Before heading home, the delegation island-hopped to Cape Verde, where the Secretary met Prime Minister José Maria Pereira Neves. The island nation is often looked to as a paragon of democracy in Africa, though it is somewhat removed from the continent itself. Nonetheless, it offered the perfect capstone to a trip that had democracy at its heart.

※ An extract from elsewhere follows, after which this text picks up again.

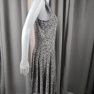 Nicole Miller Green, Peach, Black, White Patterned Midi Dress Size Large

So how should we rate this excursion by the Secretary? Despite the fact that it was relatively short, I believe it’s important to show that the United States is still actively engaged on the African continent. As mentioned at the outset, the constant talk of shifting U.S. policy priorities towards Asia has many wondering if this means other U.S. initiatives, especially democracy promotion around the world, are bound to suffer. The U.S. State Department is much more complex than that. Indeed, as I previously mentioned, the tilt towards Asia isn’t geographically limited to the Asian continent. As China builds new relationships in sub-Saharan Africa and South America, the United States is going to be on the alert to attempt to counter Chinese influence. While, in my opinion, China’s increased role in global affairs isn’t something that threatens the United States from a security standpoint (nor is it something that can be “countered”), it’s clear that, as the economy recovers, American businesses are going to be on the lookout for investment opportunities in foreign countries. The U.S. government realizes that if they don’t act to shore up relationships with developing states, U.S. businesses are going to pay the price. And as more people begin to fret about the security situation in Nigeria, building U.S. influence in the region is a clear precursor to growing U.S. involvement in the energy sector in the Gulf of Guinea and increased anti-terrorism cooperation across West Africa. At the very least, Clinton’s visit shows that the U.S. remains committed to democracy in Africa, and that’s not something to be taken lightly in the continued development of the continent.